Race director Christian Prudhomme had promised a brawl from day one and so it proved to be as the peloton crept ever closer to Bardet and Van Den Broek who dug deep in an act of team spirit that bore rich fruit.

- Never too late -

This was Bardet's fourth stage win on the Tour and his first yellow jersey.

"The peloton was suffering from the heat but I had done heat training. So I grabbed an icepack and a bidon and went for it," said Bardet, kitted in the yellow jersey and beaming with delight.

He ended second and third on the Tour in 2016 and 2017 respectively.

"I'd somehow given up hope of wearing the yellow but it's never too late, I feel like I won the jackpot," Bardet said.

His closest rivals for the overall lead Sunday when stage two takes the peloton through the Emilia Romagna region from Cesenatico to Bologna over another hilly route are Tadej Pogacar and Remco Evenepoel, both at 15sec, due to the time bonus that went with the stage win.

Pogacar revealed on arrival at the Tour he'd just had a bout of Covid.

"I felt good on the climbs when I tested myself," he said at the finish line.

There are always fears that Pogacar's racing instincts can waste energy better conserved.

"In the sprint I went for it and almost beat the two fastest guys in the peloton," said the Slovenian, who finished fourth behind Visma's Wout van Aert.

While the hills of Tuscany made for some eye-catching vistas for worldwide audiences, the riders had to battle not only the heat but also seven ascents.

Cavendish was left periodically vomiting as the pace picked up.

Chasing a record 35th Tour de France stage win the 'Manx Missile' was cheered over every hill as he dug deep to keep his bid alive.

His Astana teammate Michele Gazzoli pulled out half way through, the Italian exhausted from helping Cavendish, who was eventually second last over the line, at 39min 22sec.

The 39-year-old made the time cut, calculated as a percentage of the winner's time which in this case translated to 49min 11sec.

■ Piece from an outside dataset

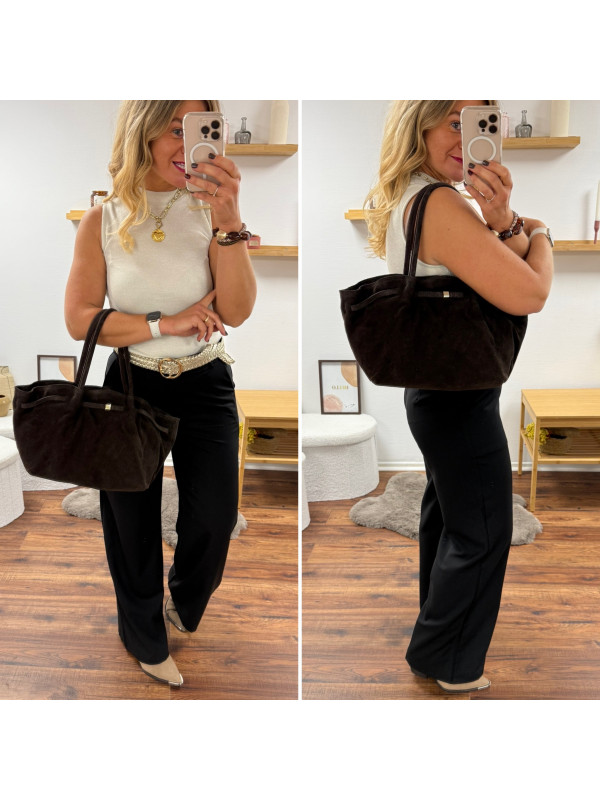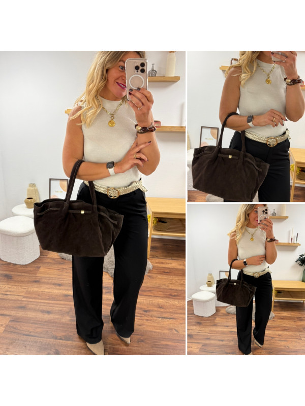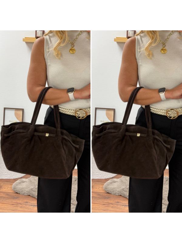 Sac à mains chocolat avec grandes anses et bandoulière (UNIQUEMENT EN MAGASIN)
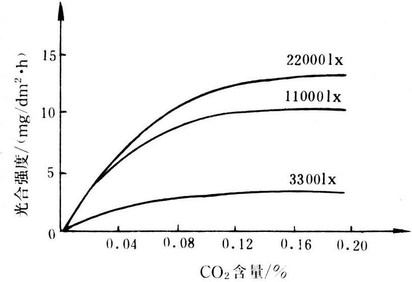在辐射能充分满足的条件下,作物的光合作用强度不再随CO2浓度的增加而增大时的CO2浓度。大多数作物的CO2饱和点在800~1800μl/L左右。正常大气中CO2浓度在CO2饱和点以下。农田里,尤其是晴朗无风的白天,株间CO2浓度经常成为光合作用的限制因子。提高CO2浓度,大多数作物都有增产效应。据报道,把作物放在1 0 00μl/L C O 2浓度时

Cavendish gave a thumbs up as he approached the line looking less weary that earlier.

Defending champion Jonas Vingegaard and chief pretender Pogacar led the peloton away from the start line past the sights of Renaissance city Florence for a 21-day odyssey that ends in Nice after 3,498km of race action.

The 2024 Tour is billed as a four-way struggle.

Behind Vingegaard and 2020-2021 champion Pogacar lurk former Vuelta and Giro champion Primoz Roglic (Red Bull) and Tour newcomer Remco Evenepoel of Soudal Quick-Step.